GH: They’re looking at English Sparkling wine in the same vein, so why not?
WF: Imagine that 20 years ago!? You’d be laughed out the room.
GH: Totally, but that’s not a bad thing either because people are over on the continent, so that kind of stuff, they start looking at things that aren’t coming out of Champagne. Our sparklings are extremely good. There’s a small amount of people who are also looking for Rieslings. I know it’s not a big market but I think New Zealand is making some outstanding Rieslings.
WF: But globally it’s Ok. We’ve got to start to realise that our less than 1% has to make a mark somewhere. I’ve heard a few people say ‘Chardonnay’.
GH: If Global warming takes off then those regions which are making sparkling now, will lose their advantage because it only takes a couple of degrees. All of a sudden the acid levels start dropping and the sugar levels change. Because we’re surrounded by water, we’ve got a much different climate to try and change.

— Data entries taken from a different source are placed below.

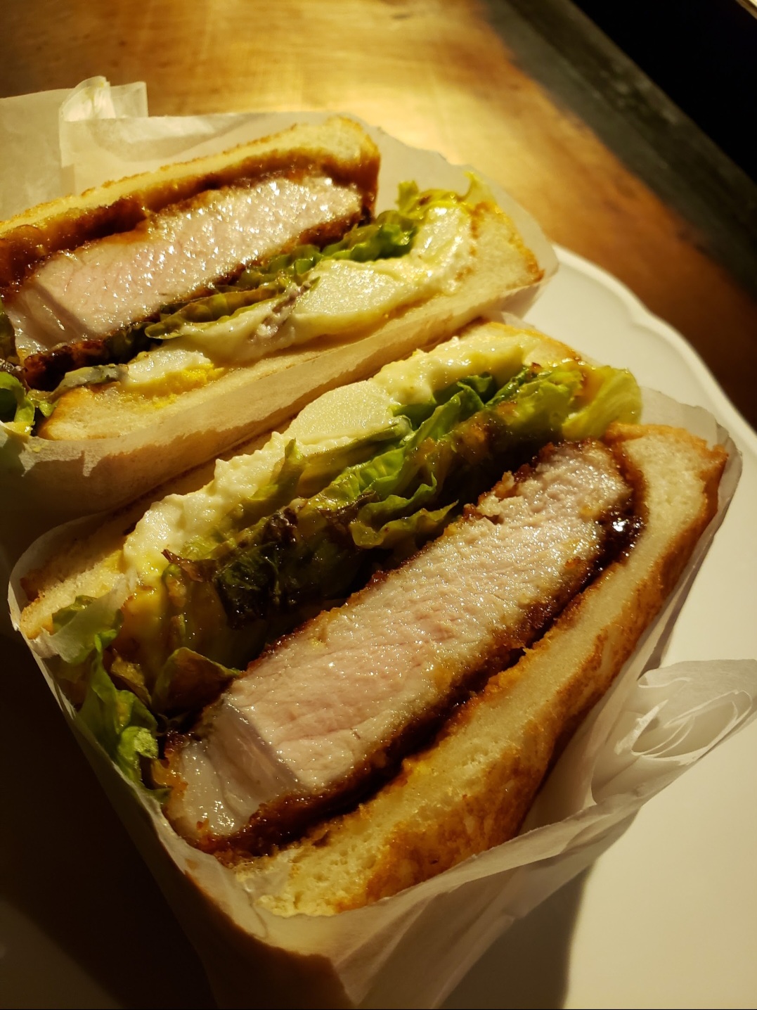 【豚ロースカツ鉄板トースト(特別オーダー)】 お客様からのリクエストオーダー テイクアウト限定ですが、 豚ロースを鉄板で揚げ焼きして パンにはさみました~🎵 かなりのボリュームで~♥️ ご予約いたたければ お作りできますので お気軽にお声かけて下さい~♥️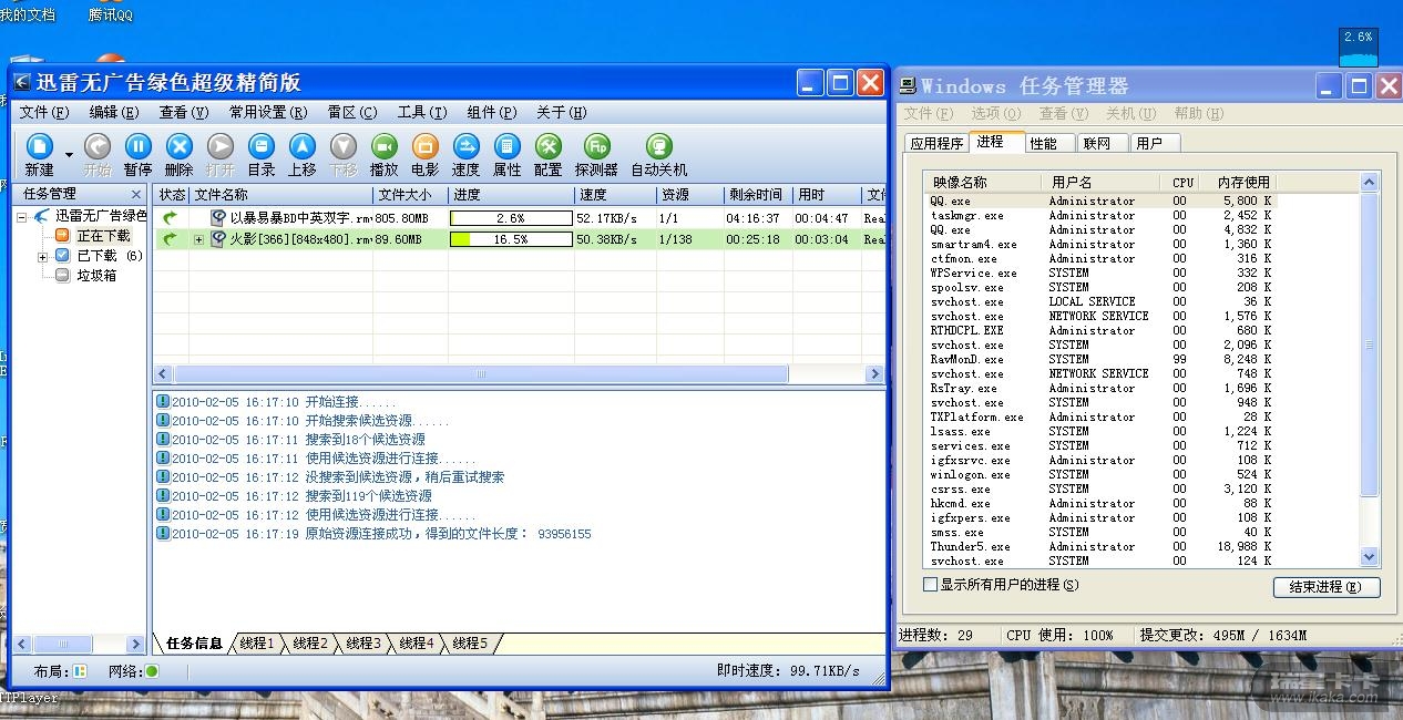 当前瑞星22.33.04.04,winxp sp2,迅雷5.8.5.593,我发现迅雷只开1个下载任务时,CPU占用小于70,开2个任务就完完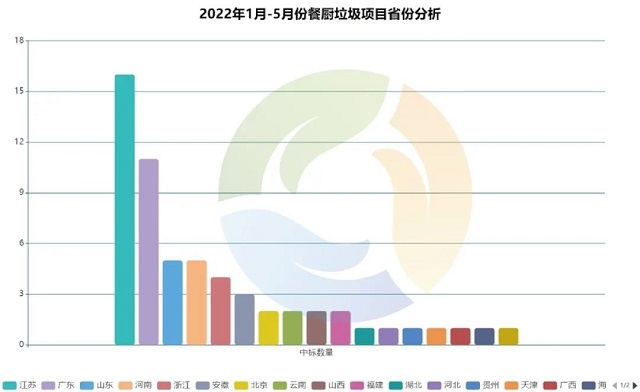 ▼2022年1月-5月餐廚垃圾項目省份分析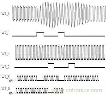參照?qǐng)D3錯(cuò)動(dòng)式訊號(hào)圖,W7_3為受電線圈訊號(hào)、W7_1與W7_2分別為P04與P11訊號(hào)、W7_4為S1訊號(hào),其與W7_3不同在于通過一個(gè)C1電容之諧振效果后取得較強(qiáng)電流推力,其波形也會(huì)接近方波訊號(hào);W7_5與W7_6分別為S12與S22訊號(hào),從圖3中可看到設(shè)計(jì)中的調(diào)制訊號(hào)從線圈兩端分別進(jìn)行調(diào)制,并分成調(diào)制單端、解除調(diào)制、調(diào)制另一單端后再解除調(diào)制完成,此設(shè)計(jì)的用意在于對(duì)受電線圈接收電力影響最小的情況下,產(chǎn)生最大調(diào)制訊號(hào)。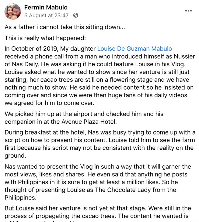 “The agreement between the parties should also be written in English and the local Kinalingga language and witnessed by the National Commission for Indigenous Peoples (NCIP),” Castro added. “I believe that the problem can still be corrected if Nas Daily respects Kalinga culture and follows the law.”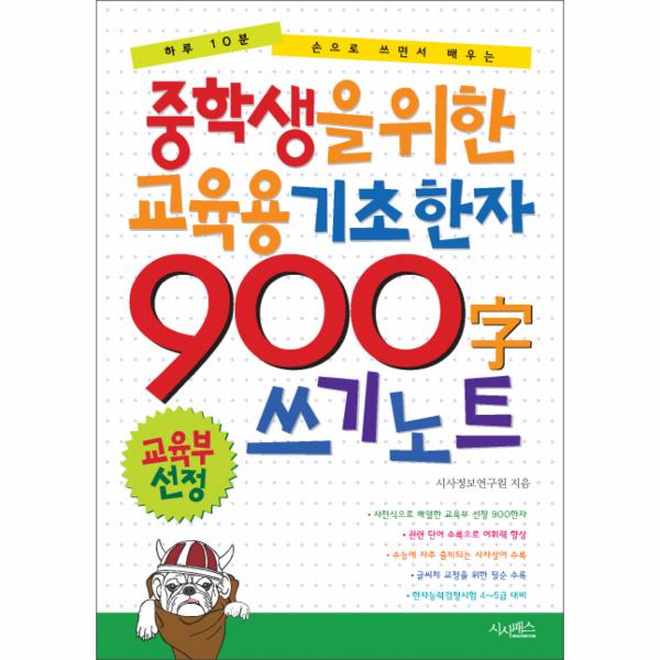 하루 10분 손으로 쓰면서 배우는 중학생을 위한 교육용 기초 한자 900자 쓰기 노트는 교육부에서 선정한 중학교용 기초 한자를 담은 한자책입니다. 중학교에서 사용하는 한자들이지만 초등학생 때 익혀두면 한문을 공부하는 데 많은 도움이 됩니다. 특히 대학입학 시험인 수능에 자주 출제되는 사자성어를 각 페이지 하단에 실었기 때문에 한자를 공부하면서 관련 사자성어도 같이 익히면 일석이조의 효과를 거둘 수 있습니다.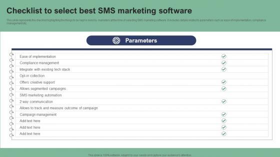 This slide represents the checklist highlighting the things to be kept in mind by marketers at the time of selecting SMS marketing software. It includes details related to parameters such as ease of implementation, compliance management etc. Do you have to make sure that everyone on your team knows about any specific topic I yes, then you should give Checklist To Select Best SMS Marketing Software SMS Promotional Tactics Infographics PDF a try. Our experts have put a lot of knowledge and effort into creating this impeccable Checklist To Select Best SMS Marketing Software SMS Promotional Tactics Infographics PDF. You can use this template for your upcoming presentations, as the slides are perfect to represent even the tiniest detail. You can download these templates from the Slidegeeks website and these are easy to edit. So grab these today This slide represents the checklist highlighting the things to be kept in mind by marketers at the time of selecting SMS marketing software. It includes details related to parameters such as ease of implementation, compliance management etc.
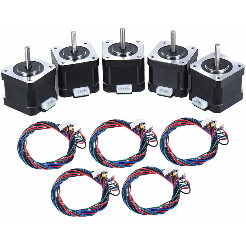Il popolare motore passo-passo Nema 17,< br/> Presenta un angolo di passo di 1,8 gradi, 2 gradini, che consente una coppia di tenuta di 0,4 Nm 5 pezzi in una serie. Dimensioni dell'immagine: 42*42*38 mm.Caratteristica:Applicare per stampante 3D, macchinari e attrezzature.Angolo di passo di 1,8 gradi, mantenimento della coppia di passo di 0,4NM. Dimensioni del motore: 42*42*38 mm. Riduzione del rumore e la temperatura di funzionamento. 5 pezzi in un set, viene fornito con 5 pezzi di cavi (90 cm). Caratteristiche: Materiale: metallo Angolo di passo: 1,8 gradi Fase 2 Tensione: 3,96 V Corrente: 0,9 A Coppia: 0,4 Nm Cavo: 4 Lunghezza cavo: 90 cm/35,4 pollici /> Dimensioni telaio singolo: 42,3 * 42,3 * 38 mm Diametro albero: 5 mm Quantità: 5 pezzi Peso articolo: 1356 g/47,8 once Dimensioni confezione: 28 * 18 * 13 cm / 11 * 7.1 * 5.1in Peso del pacchetto: 1760g / 3.9lbs Elenco dei pacchetti: 5 * Motore passo-passo 5 * Cavo di alimentazione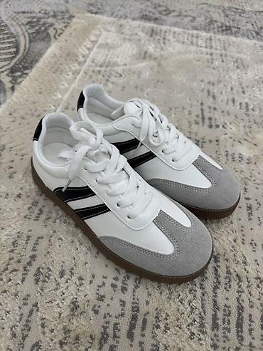 - Цвет: белый с чёрными полосками, серые замшевые накладки, коричневая подошва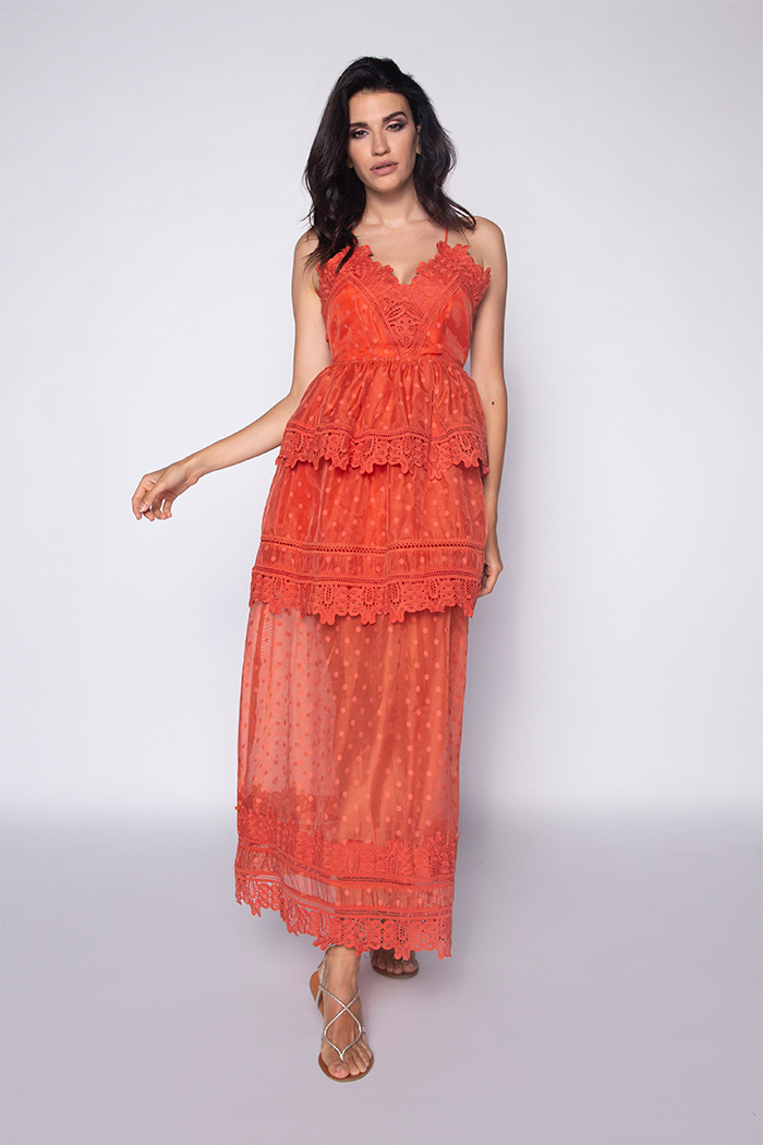 This organza dress, one of the flagship items of the Miriam Stella collections, with the lightness and brightness of organza, enriched by colored lace inserts on color, make the woman who wears it unique and special.

Hawke’s Bay are doing some pretty good stuff like Syrah. But you’ve got get past people’s mindset that we’re not doing what Australia does.
WF: See, I’m really interested in that. Some of the New Zealand ones are light, delicate, beautiful, perfumed wines. And yet, you talk to an Aussie, and the big, black, brooding shiraz they make – is the absolute pinnacle of what Syrah could – and should be. They’re absolutely convinced that they make the best Syrah in the world. “Why make your little, floral, light stuff, when you could make this!” So everyone has a different opinion.
Is there anything else you’d be interested in having trying?
GH: Well, looking outside the wine industry, there’s a couple of things I’d like to have a go at. Just to push the brain buttons into a different direction again. I like learning things. I’d like to have a go at growing lemons and limes in an area that’s not thought of growing them. A bit like planting grapes down here in Central Otago thirty years ago. You can change people’s perceptions.
Also, going back to the land. I had a long term vision of being totally self sufficient on a piece of land. Still keep things ticking along.
WF: You’re a grower, at heart?
GH: I love veggie gardens and things like that. Growing things. I went through a phase of flying. Got my helicopter license about 25 years ago and I wouldn’t mind getting back into that. Not on a commercial basis but just for the enjoyment. I don’t think I have any more ‘challenges’ in this industry, after thirty years. I’ve been extremely lucky to be in a patch from pioneering to being here for the long-term. Now we’re one of the great wine regions globally.
WF: have you got family to pass this on to? Is it a legacy thing?
GH: My brother Rob has still got Chard Farm. I sort of fell into this. I didn’t get into it because I was passionate about wine. I just got into it and thought ‘well let’s have a go and see if this works’ and it was seat-of-the-pants and no consultants.
It was four other producers who all had other day jobs…Rippon, Gibbston Valley, Black Ridge and Anne Pinkney. We knew very little about it and when Rob and I got into it, I think we planted two acres. That doubled Central Otago’s plantings! Youth and bravado got us through. We had no idea what we were doing.
There are three places between Arrowtown and Queenstown, on that loop, that are all wineries. Amisfield, Akarua and me. They do very good versions of what they’re doing, and this is very different and I needed it to be. You often see people here for four or five hours, chatting. They come at midday with their kids, and are still here at 6 o’clock. Coming from a big family that feels quite comfortable. I didn’t want it to be formal or stuffy. It’s about making people feel welcome.